Unnamed: 0,Product_Name,Alcohol_Percent,Alcohol_Amount,Alcohol_Price,product_id
0,Deanston 18 Year Old,46.3,70.0,63.95,927
1,Balvenie 16 Year Old French Oak,47.6,70.0,123.0,2502
2,Lagavulin 16 Year Old,43.0,70.0,74.95,78
3,Longmorn 18 Year Old,48.0,70.0,79.95,1333
4,Lagavulin 2006 Distillers Edition,43.0,70.0,89.95,779


# 2. Generating Employee Data


In [9]:
# Generating 100 Employee Unique id's
employee_id = np.random.default_rng().choice(4000, 100, replace = False)

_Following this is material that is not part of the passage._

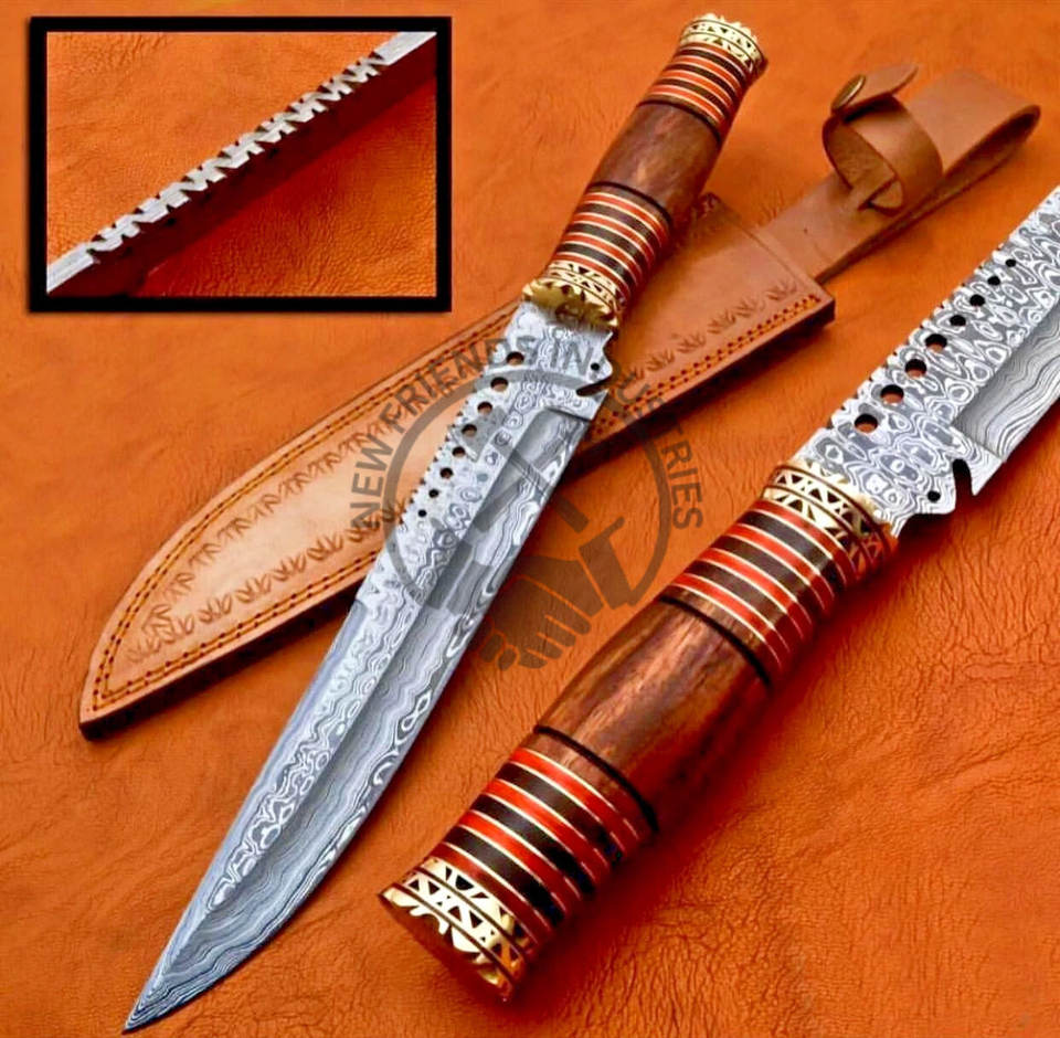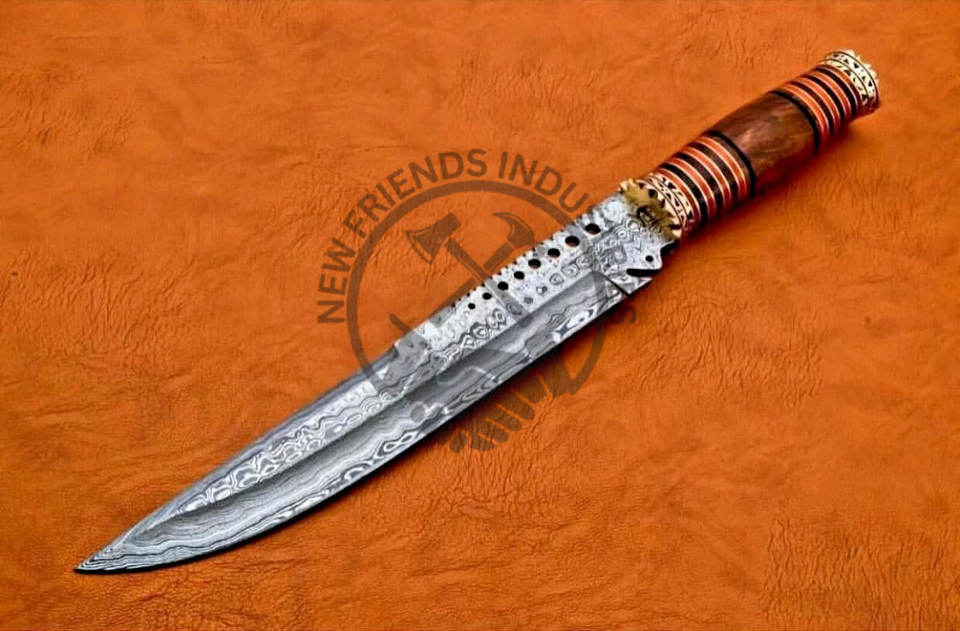 มีดโบวี่เหล็กดามัสกัสทำมือแบรนด์ใหม่ ด้ามไม้ทองเหลือง มีดล่าสัตว์ มีดเอาตัวรอด มีดสะสม ใบมีดคมคงที่

# Verify that there are as many ids as there are employees
assert len(set(employee_id)) == 100

# Verify that the new ids are unique
assert len(pd.Series(employee_id).unique()) == len(employee_id)

In [10]:
# Generating 100 Employee Data
employee_first_name = []
employee_last_name = []
employee_full_name = []
employee_email = []
employee_city = []
departments = ['Sales', 'Finance', 'Marketing', 'BI']
employee_department = []

# iterate through the employees and generate random data
for i in range(len(employee_id)):
    employee_first_name.append(names.get_first_name())
    employee_last_name.append(names.get_last_name())
    employee_full_name.append(employee_first_name[i] + ' ' + employee_last_name[i])
    employee_email.append(employee_first_name[i] + employee_last_name[i][0].lower() + '@gmail.com')
    employee_city.append(faker.city())
    employee_department.append(np.random.choice(departments, 1)[0])

In [11]:
# Create an employee dataframe
employee_df = pd.DataFrame(employee_id, columns = ['employee_id'])
employee_df['first_name'] = employee_first_name
employee_df['last_name'] = employee_last_name
employee_df['full_name'] = employee_full_name
employee_df['email'] = employee_email
employee_df['city'] = employee_city
employee_df['department'] = employee_department

In [12]:
# Sample Output
employee_df.head()

Unnamed: 0,employee_id,first_name,last_name,full_name,email,city,department
0,2708,Aurelio,Caldwell,Aurelio Caldwell,Aurelioc@gmail.com,Lovemouth,Sales
1,2092,Donna,Ryan,Donna Ryan,Donnar@gmail.com,East Caleb,Sales
2,1231,Helen,Andino,Helen Andino,Helena@gmail.com,New Joshuaview,BI
3,3377,Sherrie,Hernandez,Sherrie Hernandez,Sherrieh@gmail.com,Port Kellyview,Marketing
4,351,Kristen,Arkell,Kristen Arkell,Kristena@gmail.com,Port Jenniferport,BI


# 3. Generating Customer Data


In [13]:
# Generating 1000 Customer Unique id's
customer_id = np.random.default_rng().choice(999999, 1000, replace = False)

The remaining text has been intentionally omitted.